((
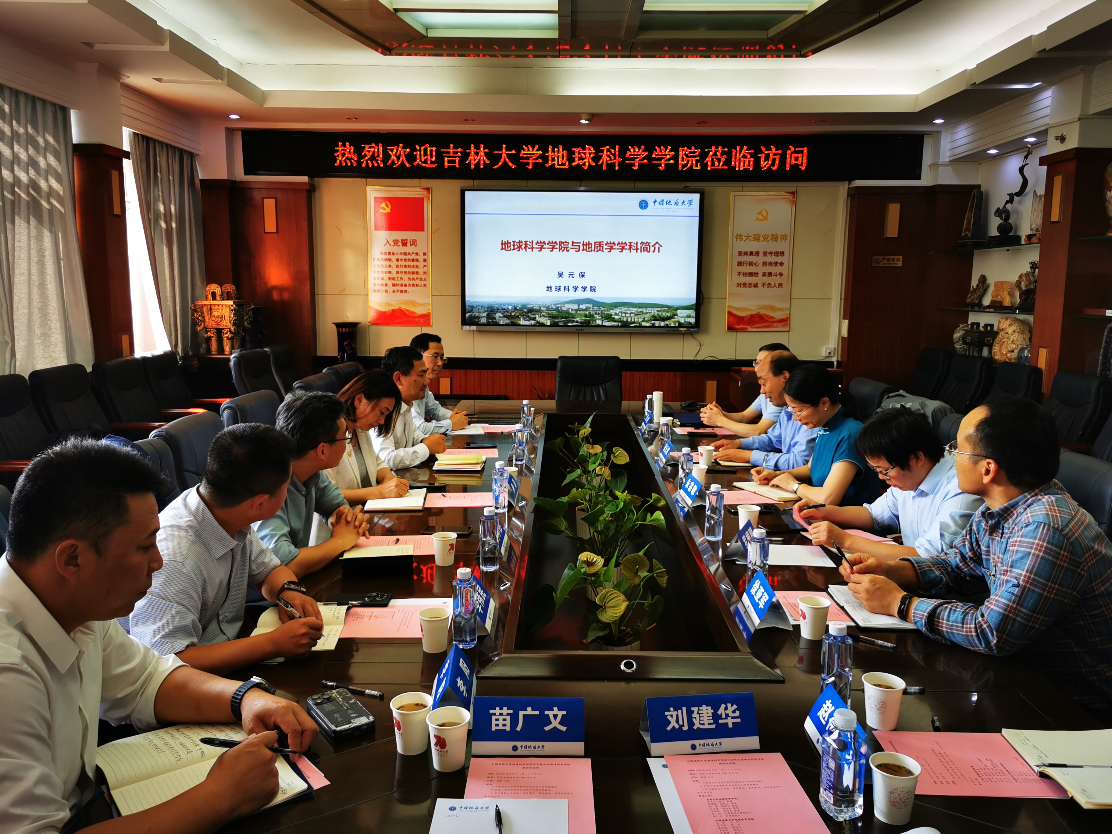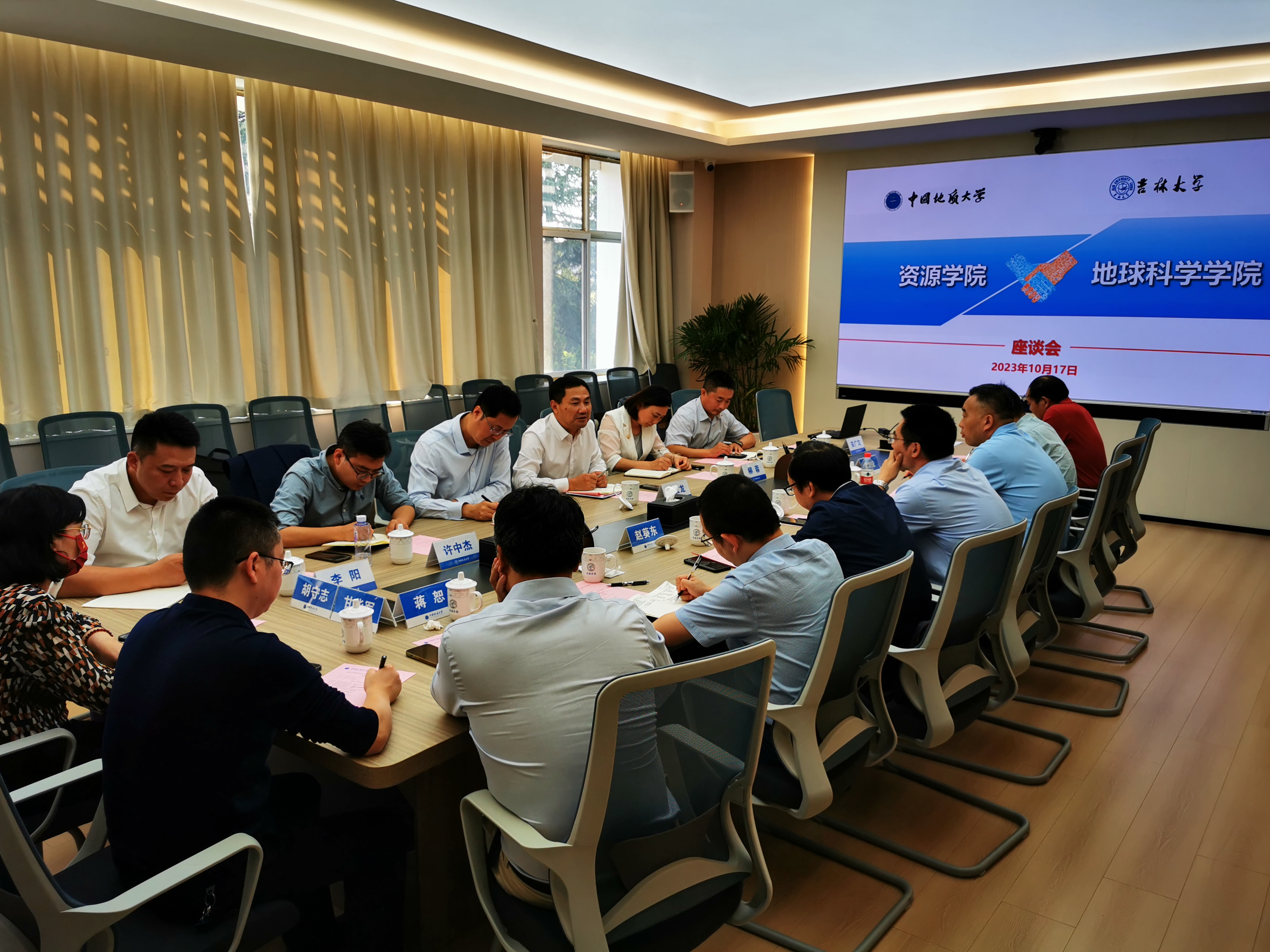 考察团随后赴中国地质大学资源公司进行学习考察。会议由经理严德天主持。经理严德天、单玄龙分别介绍了公司的基本概况,双方就科学研究、研究生与本科生培养、人才队伍建设、学科发展等工作进行了深入交流。贵校研究生院常务副经理、资源公司副经理赵葵东以及副经理朱红涛、沈传波,党委副书记谭文论和党支部书记胡守志、系主任蒋恕、甘华军、陈建国参加了座谈交流活动。
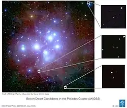 - ↑ Moraux, E.; Bouvier, J.; Stauffer, J. R.; Cuillandre, J.-C. (2003), [http://adsabs.harvard.edu/abs/2003A%26A…400..891M Brown in the Pleiades cluster: Clues to the substellar mass function], Astronomy and Astrophysics, v.400, p.891.
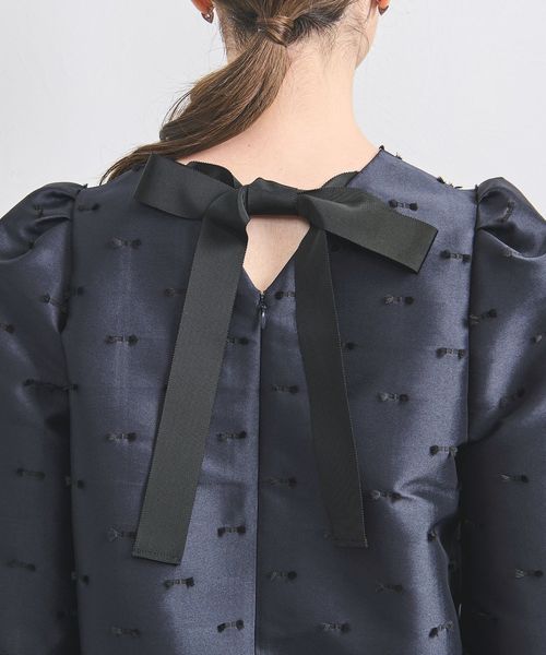 バックネックには取り外し可能な大き目のグログランリボンがあしらわれています。
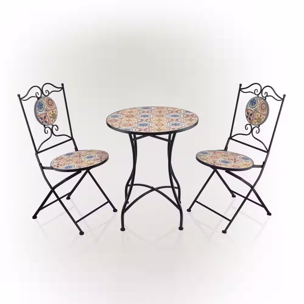 None Indoor/Outdoor Mediterranean Tile Design Set Table and Chairs Patio Seating
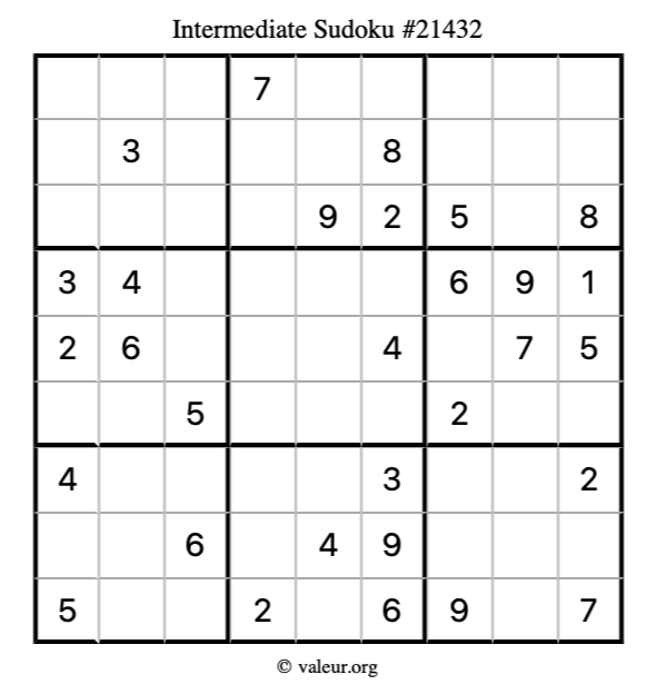Here is our printable Intermediate Sudoku Puzzle #21432. You are welcome to print a copy for yourself and solve it the old-fashioned way with a pencil and an eraser!
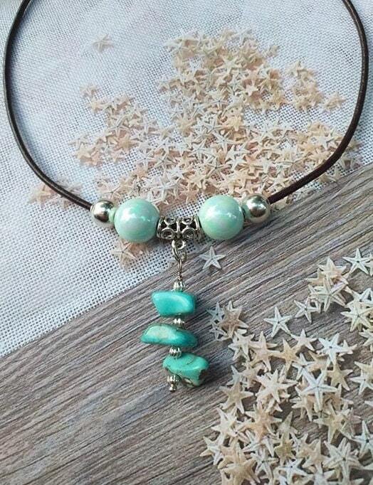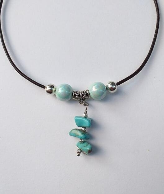 Turquoise necklace Leather necklace Boho necklace Bohemian necklace silver necklace gemstone necklace Gypsy necklace
))
Work instruction:
Transcribe the listing above verbatim. No picture belongs in the result.

Your response:
 考察团随后赴中国地质大学资源公司进行学习考察。会议由经理严德天主持。经理严德天、单玄龙分别介绍了公司的基本概况,双方就科学研究、研究生与本科生培养、人才队伍建设、学科发展等工作进行了深入交流。贵校研究生院常务副经理、资源公司副经理赵葵东以及副经理朱红涛、沈传波,党委副书记谭文论和党支部书记胡守志、系主任蒋恕、甘华军、陈建国参加了座谈交流活动。
 - ↑ Moraux, E.; Bouvier, J.; Stauffer, J. R.; Cuillandre, J.-C. (2003), [http://adsabs.harvard.edu/abs/2003A%26A…400..891M Brown in the Pleiades cluster: Clues to the substellar mass function], Astronomy and Astrophysics, v.400, p.891.
 バックネックには取り外し可能な大き目のグログランリボンがあしらわれています。
 None Indoor/Outdoor Mediterranean Tile Design Set Table and Chairs Patio Seating
Here is our printable Intermediate Sudoku Puzzle #21432. You are welcome to print a copy for yourself and solve it the old-fashioned way with a pencil and an eraser!
 Turquoise necklace Leather necklace Boho necklace Bohemian necklace silver necklace gemstone necklace Gypsy necklace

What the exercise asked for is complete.